Gezinti yaptığınız motorlar kanalları tek tek geziyor. Ve dükkânlardan da alışveriş yapma şansınız bulunuyor. Özellikle motorlarda bayanların sattığı meyvelerden mutlaka yemelisiniz. Sadece Uzak Doğu’da yetişen tropik meyveleri başka hiçbir yerde bu tadı bulamazsınız. Bizim ülkemize de geliyor, fakat inanın aynı tadı vermiyor. Ben mangonun bu kadar lezzetli ve yoğun aromalı oluşunu  orada tattım.  Özellikle Asya kadınları dikkatimi çekti. Duruşları çok zarif, mesafeli ve kıyafetleri de bir o kadar güzeldi.

yüzen çarşı

yüzen çarşı

yüzen çarşı

Burası da yüzen çarşıdan dönerken, yılan gösterilerinin yapıldığı yerin yanında bulunan müstakil evlerdi. Rüya gibi bir yerdi… Üçgen görünümdeki bu evlerin ortasından ufak bir göl geçiyordu.

fotograf 1

Tay Yemekleri:  Bangkok’da daha çok yiyeceklerin başında balık ve deniz ürünleri geliyor. Bu mutfağı diğer mutfaklardan ayıran, yemeklerin içine katılan genellikle Hindistan cevizi ve acı baharatlardan hazırlanan farklı lezzetlerdeki soslar. Bangkok’a bir akşam Sea Foof Restaurant‘ta yedik. Burası daha çok turistlere yönelik bir yer diyebilirim. Deniz ürünlerinden oluşan bir marketi düşünün ve istediğiniz balığı seçip kasada ücretini ödedikten sonra, pişirmeye gönderiyorsunuz. Pişirme ücretini de ayrıca ödüyorsunuz. Yaklaşık olarak pişirme ve alışverişiniz dâhil iki kişi 2500 Baht civarlarında tutuyor. Bu tabi yediğiniz ürünlere göre de değişiklik gösteriyor. Değer mi derseniz lezzet olarak gayet taze ve lezzetliydi. Denemenizi tavsiye ederim.

sea food bangkok

sea food

Yemekten sonraki durağımız Gece Pazarı oldu. Burası Bangkok’un meşhur pazarları arasındaymış. Pazarda en çok dikkatimi çeken, saatler, hediyelik eşyalar, kıyafetler oldu. Hediyelik dükkanların birinde karşıma çıkan bu Buda heykeli açıkçası beni benden almıştı. Yakından baktığınızda gerçekten insandan farkı yoktu. Gittiğinizde bu  Budalalardan almadan dönmeyin derim.

buda heykeli

La Shangri Hotel

Eğer güzel bir akşam yemeği yemek isterseniz tavsiye edebileceğim yer La Shangri  Hotel. Akşamları saat 19.30 -21.00 arası açık büfe yemek servisi veriyor.  Eğer açık büfe yemek istemezseniz normal yemek de alabiliyorsunuz. Fakat ben açık büfe almanızı tavsiye ederim.  Çünkü aklınıza gelebilecek bütün dünya mutfak yemeklerini bulabilirsiniz. Benim en çok tercih ettiğim sushi’ler oldu. Hepsi çok tazeydi.

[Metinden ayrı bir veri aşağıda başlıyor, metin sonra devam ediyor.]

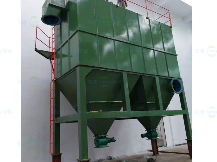 但由于電爐的投料不規則和溫度的不穩定,有可能會造成含有火星的、燃燒不充分的顆粒物帶到布袋除塵器里面,造成布袋的燒毀,因此,我們在布袋除塵器前邊增加旋風分離裝置,利用旋風的離心力,來降低火花到布袋除塵器的風險,另一方面還可以起到降溫的效果。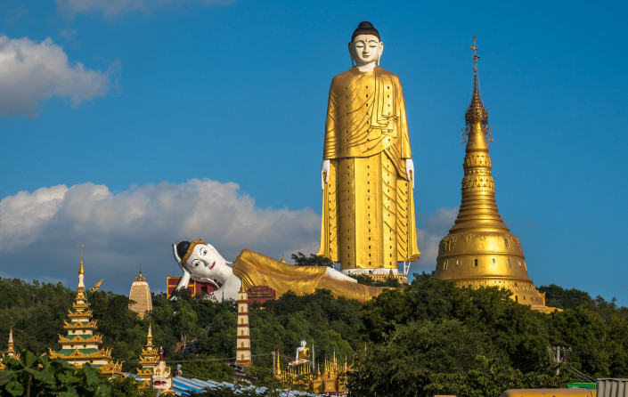 Лечжун-Сасачжа - статуя Будды, Кхатакан-Таунг, Мьянма. Общая высота статуи вместе с постаментом - 129,24 метра. Она посвящена Будд и представляет собой изображение Шакьямуни - духовного учителя, которого и считают основателем буддизма. Недалеко от нее расположилась еще одна статуя - лежачего Будды. Интересным фактом является то, что лежачий Будда появился здесь на 17 лет раньше стоящего Будды.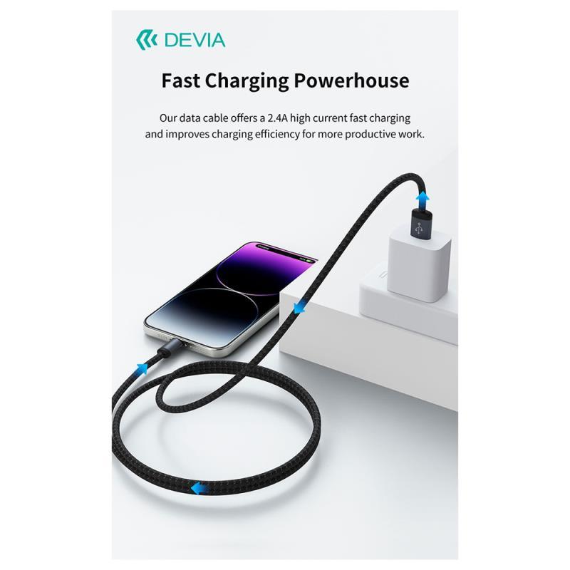 Τα καλώδια Devia, προσφέρουν γρήγορη φόρτιση και ασφαλή μεταφορά δεδομένων. Κατασκευασμένα από υψηλής ποιότητας υλικά, παρέχουν μέγιστη ανθεκτικότητα στην κατηγορία τους ενώ διαθέτουν μοντέρνο και προσεγμένο σχεδιασμό! Εξασφαλίζουν ασφαλή φόρτιση ισχύος 2,1A, άμεση φόρτιση για την συσκευή σας με θύρα Lightning.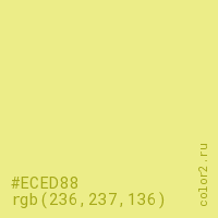 Цвет RGB(236, 237, 136) в процентом отношении количества цвета состоит из 92.5% красного (red), 92.9% зелёного (green) и 53.3% синего (blue).

Bangkok gezimin bana çok şeyler kattığını söyleyebilirim. Kültürleri, yaşam tarzları, insanları, her şeyin bu kadar ucuz olması. Demek ki insan böyle de yaşayabiliyormuş dedim. Kafamızda bazen hayatı  çok kalıplı yaşıyoruz, fakat bu kalıplar olmadan da yaşayabileceğimizi öğrendim.

Jolly Tur ile Bangkok Turları için tıklayınız.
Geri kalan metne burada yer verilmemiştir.